Had some round bales in a low area that normally does not hold water. After rain we got over the last 2 weeks the 4 inches we got today was enough runoff to flood areas that normally does not flood. I had about 100 4x5 round bales with water about half way up. Figure the hay is ruined. Is there any saving them? Is fire a concern? Hay was baled dry and all was baled 50-60 days ago.

Any advice is appreciated.

Jeff 
NW Arkansas


----------



## swmnhay (Jun 13, 2008)

They will turn to shit to the water line.

I had a couple one time and used a 2 prong fork at water line and cut the net the bottom fell off and fed the rest.This was after they sat awhile and the bottom rotted some.

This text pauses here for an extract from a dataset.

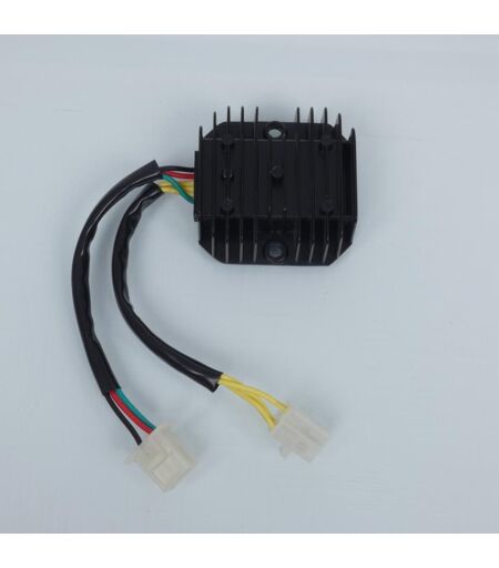 Régulateur de tension 12V neuf de marque P2R. Dimensions totales hors tout : - Largeur 79mm. - Longueur 81mm. - Épaisseur 31mm. - Diamètre des trous de fixation 6.5mm. - Entre axe des trous de fixation 65mm. Ce régulateur est équipé des connexions suivantes : - Un connecteur 3 cosses femelles plates (couleurs des fils : jaune). - Un connecteur 3 cosses femelles plates (couleurs des fils : rouge, vert, noir). Vendu à l'unité sans la visserie. Livré conforme à la photo. ...

Put them on Craigslist and sell cheap******


----------



## mlappin (Jun 25, 2009)

Only other option is to unroll them and try to ted it out then rebale, Not a great option I know but unless you do something similar they will go south in a hurry like swmnhay pointed out.


----------



## swmnhay (Jun 13, 2008)

Well I've heard of horse people soaking hay.You could sell it as pre soaked hay.*******


----------



## umpire52 (Oct 26, 2011)

Unrolling, tedding, rebaleing is not an option 40% chance of rain or greater everyday in 10 day forecast. Don't normally put hay here but ran out of room. It held water 4 times in the last 25 years and never in the summer or fall. Hay only had water standing for a a couple hours but that's long enough. Took a risk and it looks like I'm SOL

Main concern is do you think there is any chance of fire or not since the hay has already reheated? 
Jeff


----------



## swmnhay (Jun 13, 2008)

not if left outside and not stacked together.


----------



## haybaler101 (Nov 30, 2008)

Fire would be a good thing at this point. Problem solved!


----------



## JD3430 (Jan 1, 2012)

Just got done enjoying the same catastrophe youre going through on June 31. River backed up and flooded about 50 bales up to about 2-3 feet up. I set them on stone and let the bottoms drain out. Believe it or not, they did dry out. No fires, not even any excessive heat was observed. As long as you didn't have green stem moisture to begin with, they should dry out with no fire drama. However, the river flood water fills them with sandy, gritty, muddy trash water. I don't think you'll want to feed them. Luckily, I was able to sell them as mushroom hay. I'm not sure if you have an outlet to sell bad bales to.

It sucked because the day after they flooded, I flew out to Arizona and took the family to Phantom Ranch at the bottom of the Grand Canyon. I was 2,500 miles from my soaked bales back in PA, 9&3/4 miles down at the bottom of the biggest canyon in the world, unable to watch over the bales I was sure would overheat. Buddy of mine checked on them periodically while I was away and nothing happened. Shipped them on July 30th and they were just like ordinary bales with a little more spoilage on the wet parts.


----------



## Tim/South (Dec 12, 2011)

This year will be one we talk about for a long time.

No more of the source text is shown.